Andrey Volodin: Actually, it’s not so difficult. For me, rocket science is VIPER.
Third chip
Daniil Popov: It seems that at the last Google I / O conference they announced a piece of iron for TensorFlow and other things. When will the third chip finally appear in mobile phones, TPU or what will it be called, which will also do all the ML magic on the device?
Andrey Volodin: We have this very thing, it connects via USB, and you can drive neurons from Google on it. Huawei already has this, we even wrote software for their hexagonal accelerators, so that segmentation neurons would quickly chase the P20.
I must say that in the iPhone they actually already exist. For example, in the latest iPhone XS there is a coprocessor called NPU (Neural Processing Unit), but so far only Apple has access to it. This coprocessor is already cutting the GPU in the iPhone. Some Core ML models use NPUs and are therefore faster than bare Metal.
This is significant, given that in addition to the lowest inference neurons, Core ML requires a lot of additional action. First you need to convert the input data to Core ML format, it will process it, then return it in its format - you need to convert it back, and only then show it to the user. This all takes quite some time. We write overhead free pipelines that work from the beginning to the end on the GPU, while Core ML models are faster precisely due to this hardware process.
Most likely, at WWDC in June they will show a framework for working with NPU.
That is, as you said, there are already devices, just developers can’t use them to the full yet. My hypothesis is that companies themselves do not yet understand how to do this carefully in the form of a framework. Or they just don’t want to give away in order to have a market advantage.
Alexei Kudryavtsev: With the fingerprint scanner, the same thing was in the IPhone, as I recall.

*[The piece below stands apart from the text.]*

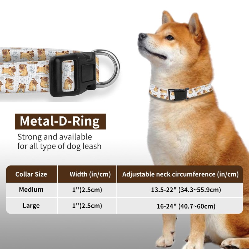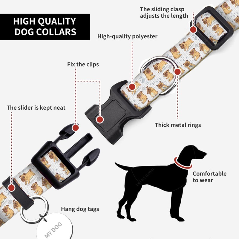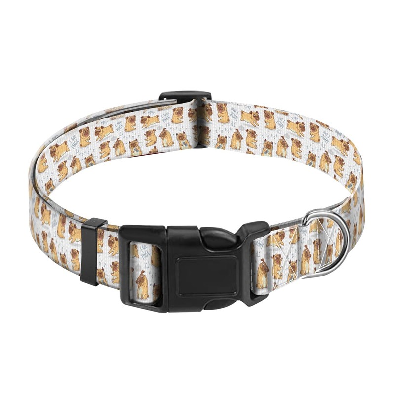 JYCardPKT Dog Collar, Adjustable Funny Pet Collar with Quick Release Durable Buckle, Cute Collars for Medium Large Dogs, Cute Pug Pattern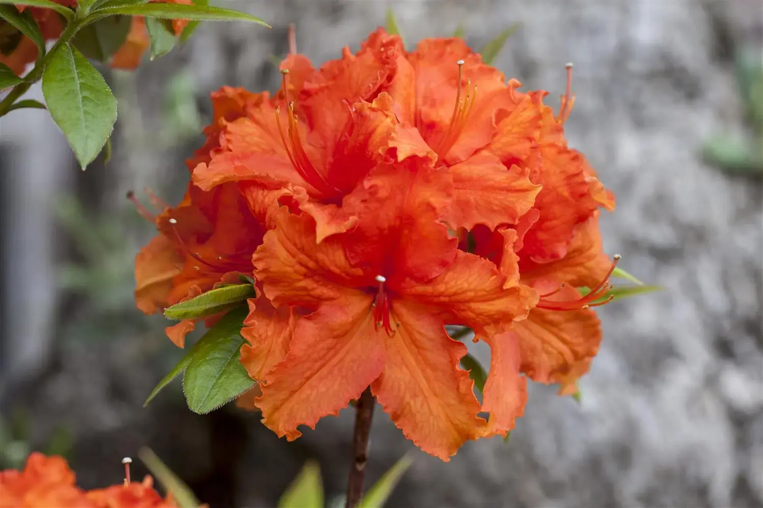 The orange-coloured flowers of the Yellow azalea 'Golden Eagle' appear in umbels from the end of May to mid-June. They are strongly scented.

Andrey Volodin: He is not that super-affordable even now. You can use it top-level, but you can not get the print itself. You can just ask Apple to let the user use it. It's still not that full access to the scanner itself.
Hexagonal Accelerators
Daniil Popov: You mentioned the term hexagonal accelerators. I think not everyone knows what it is.
Andrey Volodin: This is just a piece of hardware architecture that Huawei uses. I must say, she is rather sophisticated. Few people know, but in some Huawei these processors are, but are not used, because they have a hardware bug. Huawei released them, and then found a problem, now in some phones special chips are dead weight. In fresh versions, everything already works.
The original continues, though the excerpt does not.